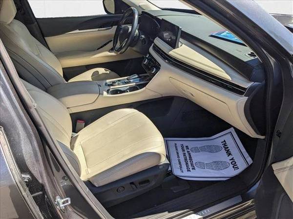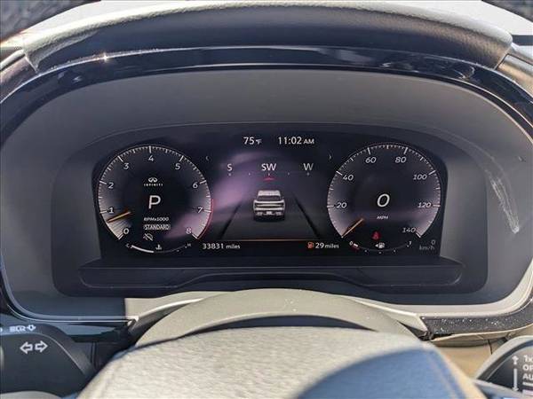 The following items have been reconditioned on this vehicle: all new tires! * Panoramic Roof * [M92] Cargo Package * [B93] Silver Roof Rail Cross Bars * Leather Seats * Navigation System * 3rd Row Seat * [B92] Splash Guards * Lane Keeping Assist * Keyless Start * Rear Spoiler * Cooled Front Seat(S) * [C03] 50 State Emissions * Graphite Shadow * Sandstone; Leather-Appointed Seating SurfacesAutoNation Hyundai Valencia has a wide selection of exceptional pre-owned vehicles to choose from, including this 2022 INFINITI QX60. Do so much more with one vehicle. This INFINITI QX60 gives you everything you need an automobile to be. Opulent refinements married with exceptional engineering make this the kind of car you'll want to own for a lifetime. It's not a misprint. And the odometer isn't broken. This is a very low mileage INFINITI QX60. A rare find these days. This vehicle won't last long, take it home today.
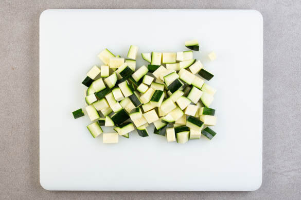 Die Zucchini längs vierteln und in ca. 1cm große Stücke schneiden.
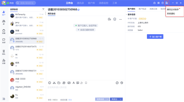 工作台右侧设有系统通知、企点助手入口,有新消息包括全局新消息及系统新消息、时将以红点的形式提示。
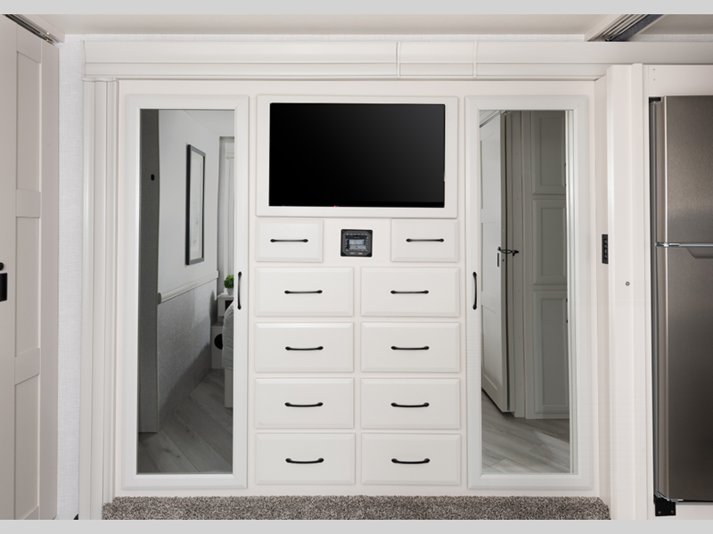 Sleeps 6 Slides 2 Length 35 ft 9 in Ext Width 8 ft 4 in Ext Height 12 ft 10 in Int Height 6 ft 10 in Interior Color Cumberland, Sentinel, Solstice Exterior Color Magnum, Matterhorn, Maverick, Motion, Obsidian Hitch Weight 8000 lbs GVWR 26000 lbs Fresh Water Capacity 100 gals Grey Water Capacity 50 gals Black Water Capacity 50 gals Generator 5.5W Fuel Type Gasoline Engine 7.3L V8 Chassis Ford F-53 Horsepower 335 hp Fuel Capacity 80 gals Wheelbase 242 in Number Of Bunks 2 Available Beds RV Queen Torque 468 ft-lb Refrigerator Type Residential Convection Cooking Yes Cooktop Burners 3 Shower Size 34" x 22" Axle Weight Front 9000 lbs Axle Weight Rear 17500 lbs Basement Storage 134 cu. ft. TV Info LR LED TV, BR LED TV, Ext. LED TV Awning Info 20' Washer/Dryer Available Yes Gross Combined Weight 30000 lbs Shower Type Standard Electrical Service 50 amp Similar Floorplans

-- -- --

» Assigned task
Copy exactly, and only, the lines running from the one containing "工作台右侧设有系统通知、企点" through the final line of the data, and omit the pictures.

» Answer to the problem
 工作台右侧设有系统通知、企点助手入口,有新消息包括全局新消息及系统新消息、时将以红点的形式提示。
 Sleeps 6 Slides 2 Length 35 ft 9 in Ext Width 8 ft 4 in Ext Height 12 ft 10 in Int Height 6 ft 10 in Interior Color Cumberland, Sentinel, Solstice Exterior Color Magnum, Matterhorn, Maverick, Motion, Obsidian Hitch Weight 8000 lbs GVWR 26000 lbs Fresh Water Capacity 100 gals Grey Water Capacity 50 gals Black Water Capacity 50 gals Generator 5.5W Fuel Type Gasoline Engine 7.3L V8 Chassis Ford F-53 Horsepower 335 hp Fuel Capacity 80 gals Wheelbase 242 in Number Of Bunks 2 Available Beds RV Queen Torque 468 ft-lb Refrigerator Type Residential Convection Cooking Yes Cooktop Burners 3 Shower Size 34" x 22" Axle Weight Front 9000 lbs Axle Weight Rear 17500 lbs Basement Storage 134 cu. ft. TV Info LR LED TV, BR LED TV, Ext. LED TV Awning Info 20' Washer/Dryer Available Yes Gross Combined Weight 30000 lbs Shower Type Standard Electrical Service 50 amp Similar Floorplans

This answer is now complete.